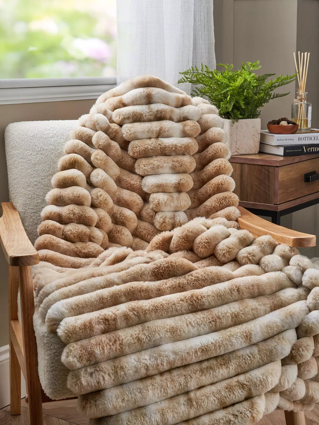 - Indulge in the incredibly soft feel of our Marled Rib Faux Fur Throw.
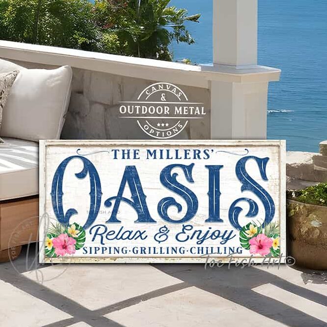 Personalize-able Oasis sign Canvas or Outdoor Metal with wording options
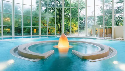 Die Anlage umfasst Bäder im Innen- und Außenbereich sowie eine Sauna mit jeweils unterschiedlichen Temperaturen. Der für Badekleidung zugängliche Bereich „Baden“ verfügt über den Baden-Pool, eine finnische Außensauna, und im Freien einen natürlichen Whirlpool sowie einen Weichwasser-Whirlpool. Ein Restaurant, eine Lounge und ein Ruhebereich, in dem verschiedene Gesundheits- und Beauty-Anwendungen angeboten werden, sind ebenfalls vorhanden.
== == ==
YOUR OBJECTIVE:
Word for word, return the material above, but drop the pictures.

RESULT OF THIS EXERCISE:
 - Indulge in the incredibly soft feel of our Marled Rib Faux Fur Throw.
 Personalize-able Oasis sign Canvas or Outdoor Metal with wording options
 Die Anlage umfasst Bäder im Innen- und Außenbereich sowie eine Sauna mit jeweils unterschiedlichen Temperaturen. Der für Badekleidung zugängliche Bereich „Baden“ verfügt über den Baden-Pool, eine finnische Außensauna, und im Freien einen natürlichen Whirlpool sowie einen Weichwasser-Whirlpool. Ein Restaurant, eine Lounge und ein Ruhebereich, in dem verschiedene Gesundheits- und Beauty-Anwendungen angeboten werden, sind ebenfalls vorhanden.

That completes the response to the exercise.